Thursday, 25 Apr 2024

‘Red tape’ getting in the way of diversity in the police service, top officer warns

Now is the time for forces to transform themselves and address racial inequality, the most senior Asian woman in the ranks of the police has said.

Assistant chief constable Kerrin Wilson, the National Police Chiefs’ lead on race, said the end of austerity, a drive to recruit 20,000 more officers and the Black Lives Matter protests mean forces are able to confront their records on diversity.

She said: “There’s a massive issue around diversity and around people of all backgrounds, faiths beliefs, and cultures at the moment.

“We’ve got the opportunity with the uplift programme of 20,000 new officers coming into the service to do something differently. And there’s a great willingness for policing to change.

“But what we need to do is get over the red tape that sometimes prevents us being as good as we want to be. Another separate part of my work is also bringing in women of colour into the service.”

ACC Wilson is one of only two BAME female officers in senior roles in Britain, raising serious questions about efforts to recruit and encourage ethnic minority officers in the service.

In 2009, in its 10-year Macpherson anniversary report, MPs on the Home Affairs Select Committee said progress had been “slowest” in the police workforce.

Today, the evidence suggests that is still the case.

“I first started in Northumbria police and I’ve been across five different forces now. For probably the first eight to 10 years of my service I was the only female officer of colour.

“That was incredibly lonely in terms of understanding or finding somebody else who I might want to talk to when I struggled with some of the challenges that I had in policing.

“But the force and policing has come such a long way since those days. It is a different world now.”

An inquiry into the death of murdered teenager Stephen Lawrence called for an overhaul of police procedures and attitudes towards race. But how much has changed since 1999?

Recalling her own experience of racism while working in the police, she said: “Trying to explain to people outside of policing why I wanted to be in a job which was branded as being institutionally racist and having terms like coconut used, where you’re brown on the outside and white on the inside because you abandoned any cultural reflections of yourself, were quite hurtful things to go through.”

Across Britain, 7% of officers are from a black, Asian and minority ethnic background, compared with 14.9% of the population.

The shortage of senior BAME officers in chief roles has become a cause for concern.
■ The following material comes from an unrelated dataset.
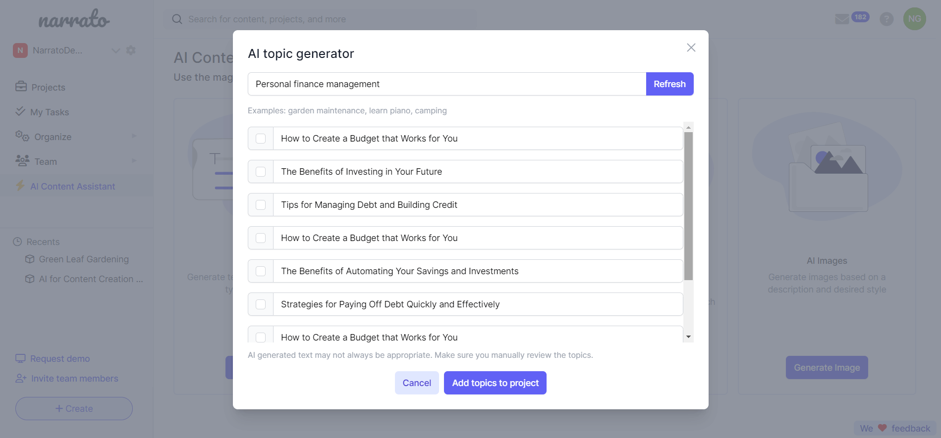 Narrato の AI トピック ジェネレーター

In the history of the service, there has only been one black chief constable – Mike Fuller, who led Kent Police between 2004 and 2010.

ACC Wilson believes that some of the promises made by police leaders following the Macpherson inquiry in 1999 may have been forgotten.
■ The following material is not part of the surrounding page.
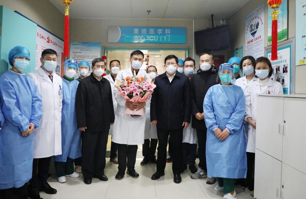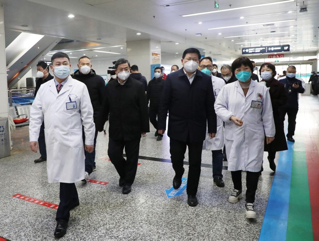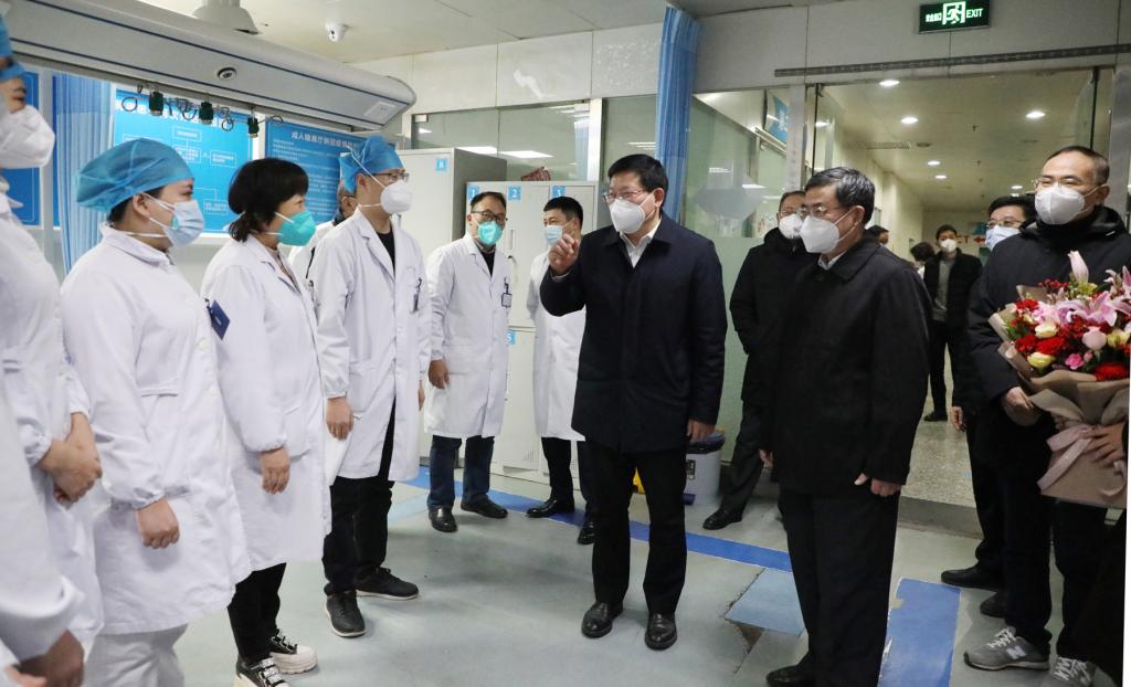 顾家山书记一行先后走访慰问了急诊抢救室、急诊留观室、急诊科、重症医学科等一线医务人员,详细了解了现阶段科室的诊疗和救治工作,对他们在新冠疫情救治最严峻、最困难的时候主动担当,长时间高强度、超负荷工作表示衷心感谢,对一线医护人员始终坚持人民至上、生命至上,以医者仁心、精湛医术护佑患者健康的行为给予高度赞扬。

“When you’re not looking at it, specifically, some things get forgotten about because the next thing comes along that you focus on.

“The last 10 years have been particularly difficult during austerity, so lots of forces have had to put their plans on hold, because they weren’t recruiting, or they were actively reducing their numbers.
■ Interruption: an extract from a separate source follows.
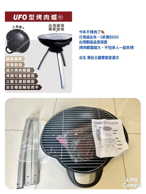 物品B/價格 UFO型烤肉爐 半價出售$650

“If you’re not recruiting, then you can’t bring in people of difference,” she said.

But after 28 years in frontline policing she believes there are grounds for hope.

“There’s lots of work going on with the College of Policing about trying to help eliminate some of the unconscious bias that we’ve got both in our structures, and some of our senior and middle managers, who just may not have considered what some of the processes are doing to people to stop them coming in.

“We’re working together to see at every different stage of those recruitment processes whether it’s the attraction, the application form to the interview or the training and what can we do to eliminate some of the bureaucracy or the unconscious bias that might be a barrier for people.”